Надо мной стоял продавец, испуганный мальчишка в оранжевом фартуке с логотипом магазина – два перекрещенных молотка.
– Все о’кей. – Я поднялся, отряхнул колени. – Медитирую.
Он улыбнулся, недоверчиво меня оглядывая. Симпатичный деревенский пацан. Я подмигнул, простецки хлопнул его по плечу, как это делают бравые ребята в наших кинофильмах.
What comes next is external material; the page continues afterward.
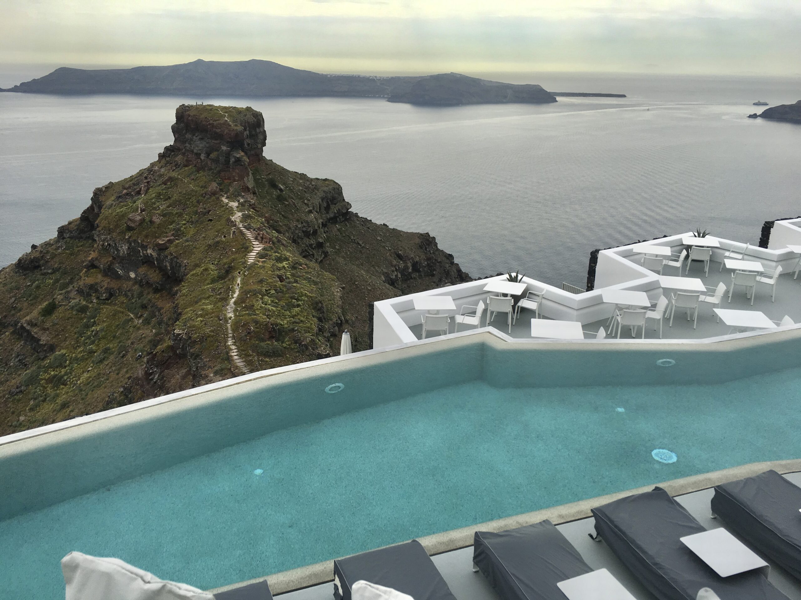 After lunch, my friend Vincent I and were able to coax our parents back towards the ship so we could hike to the other villages that rise above the basin-like caldera. The Grace Hotel—part of the Auberge chain—was new then and it beckoned, so I grabbed an outside table and ordered a bottle of sparkling so we could seamlessly slip into the hotel’s stunning infinity pool. The Grace is in Imerovigli, the highest village—and probably my favorite—which overlooks Skaros rock. The rock is a dramatic sight, like a craggy, flat-topped pyramid with the royal blue sea as a backdrop. We positioned ourselves at the lip of the pool, just staring, mesmerized, and barely caught the last tender back to the ship anchored in the harbor.

Статистика самоубийств среди вернувшихся из зоны боевых действий не засекречена. Я знал несколько человек лично. Я видел, как отчаянно они старались уцелеть там. Там, где умереть не просто легко, а порой естественно и даже логично. Карлос позвонил мне после того, как его комиссовали: «Знаешь, болтают, что ветераны не любят рассказывать про войну, не любят вспоминать. Не хотят бередить раны… Чушь это. Тут никто не хочет тебя слушать. И дело вовсе не в том, что им страшно слушать про кровь и смерть, нет, им просто на тебя плевать». Через два дня Карлоса нашли повешенным в гараже.
В ресторане было пусто и прохладно. Розалин за буфетной стойкой протирала стаканы. Она не удивилась, а просто улыбнулась, как улыбаются старым приятелям, которые чуть опаздывают к условленному сроку.
– Кофе? – спросила она.
– Ну уж нет…
Я взобрался на табурет, шлепнул на стойку «Идиота». Острым рубиновым ногтем, похожим на малиновый леденец, она повернула книгу к себе.
– Дать почитать?
Розалин не ответила, кинула лед в стакан, налила ирландского виски. Придвинула стакан. Я сделал глоток.
– Ну и что будем делать? – тихо спросила она.
Я хотел изобразить удивление, но на меня накатила дикая усталость, я не нашел ни сил, ни желания ломать комедию.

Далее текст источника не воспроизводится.